Paul Goldberger wrote an article for The New Yorker this past week talking about a new building by Daniel Fisher. Dr. Fisher has designed a building using Dynamic Architecture creating an 80 story skyscraper in which every floor rotates independently of the other floors. He calls it "flexible for life" able to morph for the user today and tomorrow and everyone can have the mixture of views from the building. To make it environmentally friendly, each floor is separated by a few feet of space to accommodate wind turbines which make the building self powered.
Deloitte and Charles Lockwood released a study The Dollars and Sense of Green Retrofits. Lots of statistics that I have seen before and heard about for years supporting green building. There were a couple of highlights I pulled out that were interesting. Deloitte states that organizations that forego green building for whatever reason ( usually ROI ), should reconsider because they are predicting that within the next three years they will be at a competitive disadvantage due to higher operating costs, lower productivity and declining attraction of skilled workers - and don't forget a potential of negative brand image. Then there are the dollars and sense, LEED building are commanding rent premiums, have a higher occupancy rate and sell higher on the market. My personal favorite statistic is the movement of the younger workforce where 80% are saying that they are interested in a job that has a positive impact on the environment and 92% want to work at a company that is environmentally friendly.

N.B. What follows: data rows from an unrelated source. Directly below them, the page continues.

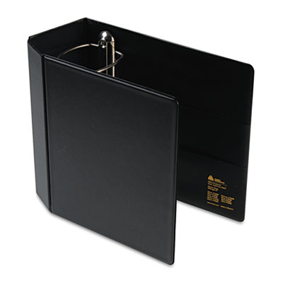 Revolutionary One Touch™ mechanism lets you open, close and lock your binder in one easy step. Gap Free™ feature prevents ring misalignment so pages turn smoothly. Locking EZD™ ring has up to 50% more capacity than the same size round ring. Back-mounted rings allow pages to lie flat. Four clear inside pockets store unbound materials for improved organization. Wide front and back panels fully cover standard dividers and sheet protectors. Exposed rivets on spine. Nonstick, heavy-duty poly won't lift ink or toner off print pages. PVC-free. For easy removal from shelf. Capacity Range [Max]: 5"; Sheet Capacity: 1,050; Color(s): Black.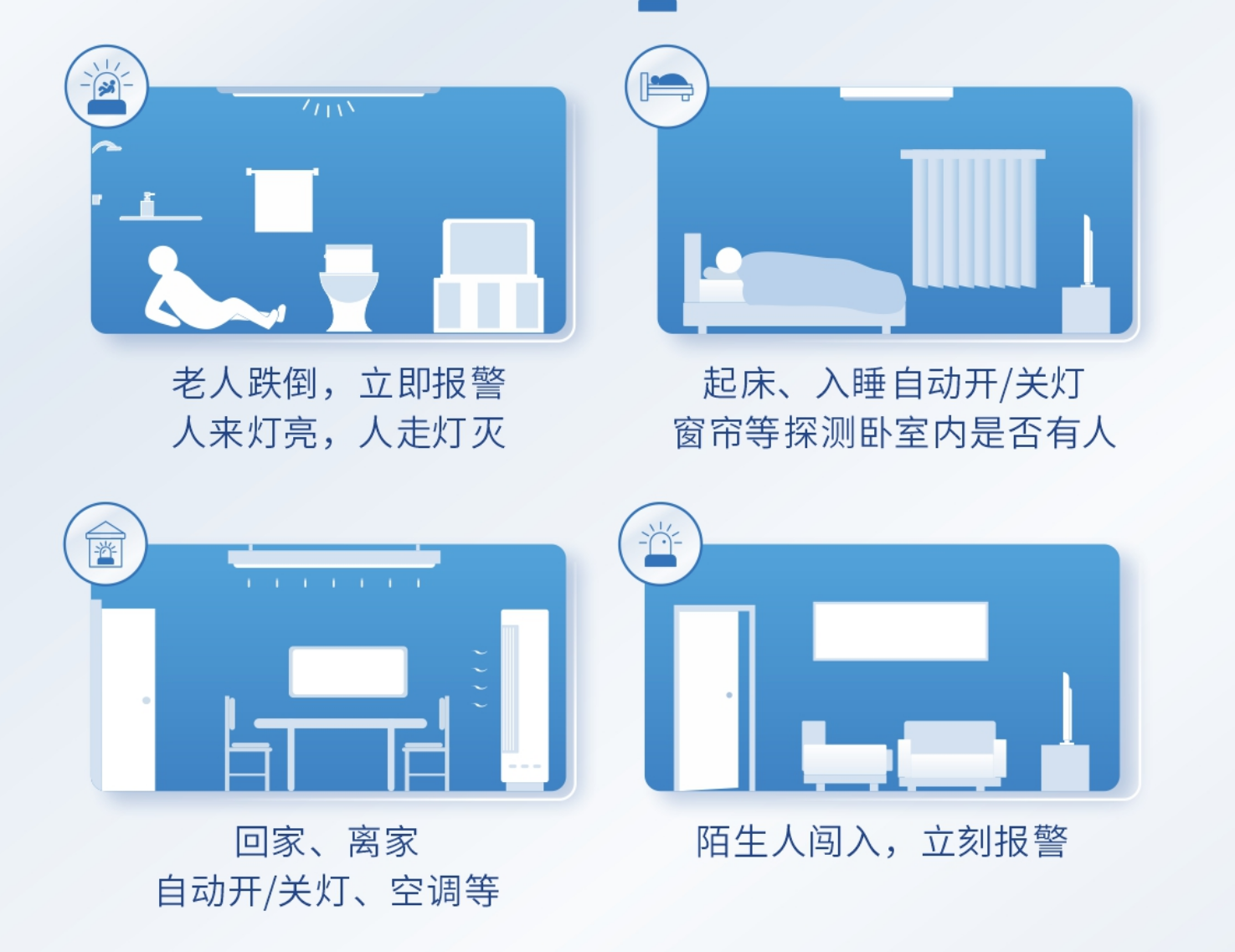 主要應用于智慧養老産品,通過(guò)反射的點雲狀态、多普勒等方式,毫米波雷達可以判斷老人處于站立或跌倒狀态。随著(zhe)毫米波雷達的精度持續提升,點雲成(chéng)像的效果就會(huì)逼近于攝象頭成(chéng)像,識别效果更佳。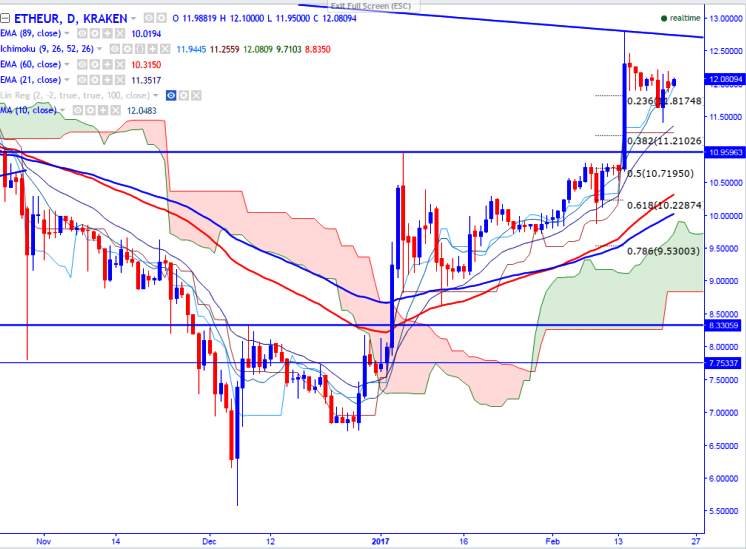 ETH/EUR is seen trading slightly above on Thursday. The pair has formed a temporary top around 12.79 on Feb 14th 2017 high. ETH/EUR slightly declined till 11.41 from the high. It is currently trading around 12.14 at the time of writing.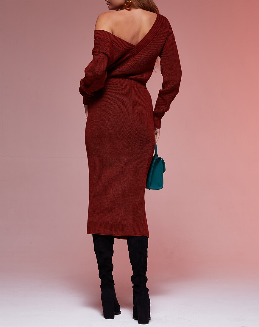 Трикотажна сукня з V-подібним вирізом. Сукню можна носити вирізом наперед або назад. У пояс сукні вставлена гумка, яка створює ефект костюма.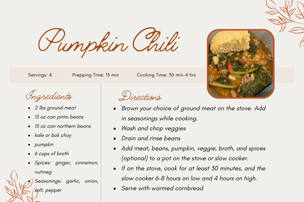 I want to share some of the yummy bites I cooked during the month of September. A few recipes I have shared in previous posts, but this one will feature the recipe for Pumpkin Chili–perfect for fall.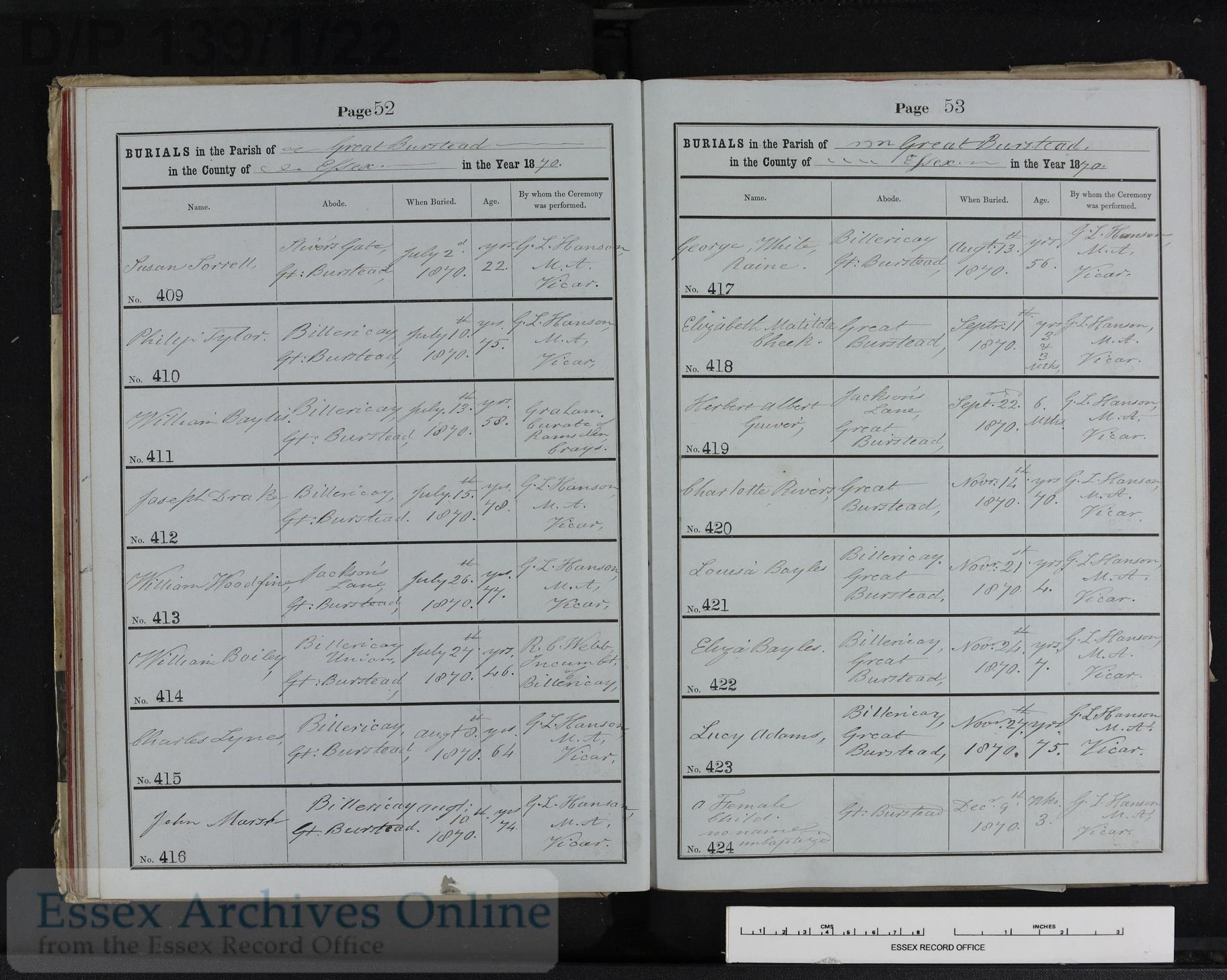 Cited from Parish Registers of St. Mary Magdalene, Great Burstead, Essex (Church of England)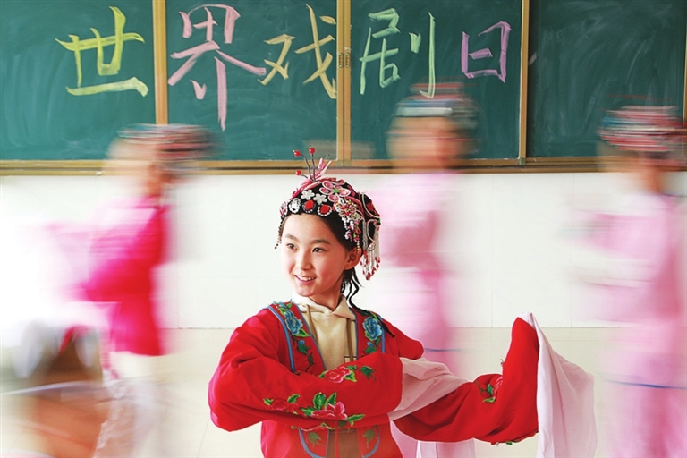 3月27日,山东省高密市崇实小学举行“茂腔文化进校园”活动,孩子们在戏曲老师的指导下练习茂腔。当日是世界戏剧日,各地举行多种活动,戏曲艺术进校园、进社区,让大众感受我国传统戏曲文化的魅力。 新华社发 (李海涛 摄)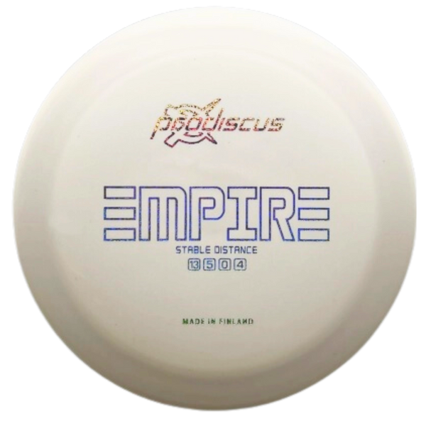 The Prodiscus Empire is a fast, power-demanding distance driver built for players who want maximum stability and control at the highest speeds. With its 13-speed rating and wide rim, the Empire is designed for advanced arms looking for a disc that won’t turn over even in fierce wind conditions. Whether you're launching massive hyzers, battling headwinds, or needing a consistent skip finish, the Empire has you covered.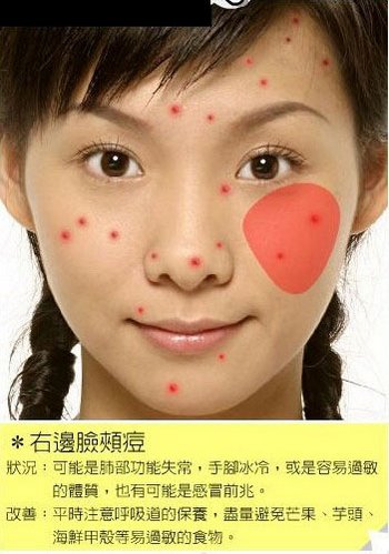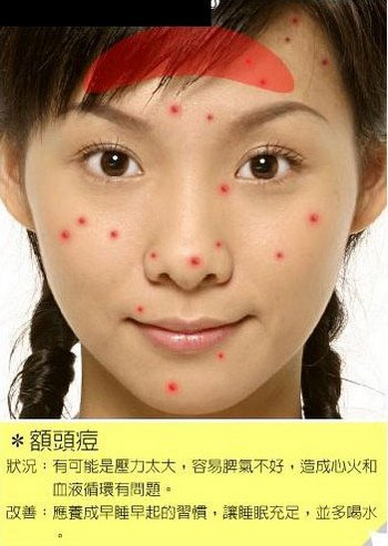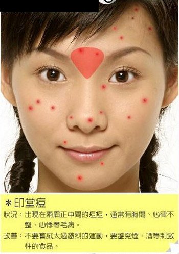 状况:出现在两眉正中间的痘痘,通常有胸闷、心律不整、心悸等毛病。

The quote of the week in The Week magazine is about how the person could not afford to drive their Land Rover anymore due to the cost of gas. She goes on to say that she used to laugh when drivers of small cars honked at her and she would think Go ahead, make my day. I could crush you like a bug. Oh, how have the mighty fallen now.
Harvard Business Review has a host of articles about people, alignment, motivation, leadership and high-commitment, high- performance CEOs. There is a list of companies that are lead by this leadership - a whole bunch of environmentally aware companies appear.
And last but not least, the USGBC announced earlier this month that they will release a huge revision to the current LEED systems that includes realignment, consolidation, updating and streamlining the process. The drivers for this change are nested in the input from the users of LEED that criticize it for being too rigid, cumbersome and demanding - and too costly.
So if you link all of these together, the message coming into my head is that the individual is the common denominator in these readings. The individual wants a view no matter where they are in a building, the individual wants to work in a environmentally friendly building, the individual is making decisions about their behavior and mindset, companies want to influence individuals in multiple ways and individuals are demanding change in benchmarks. So, bringing it back to the almighty adaptable workspace, doesn't it make sense to think before you act and bring attributes of environmentally friendly ways of building into your workplace to accommodate the diversity of the individual?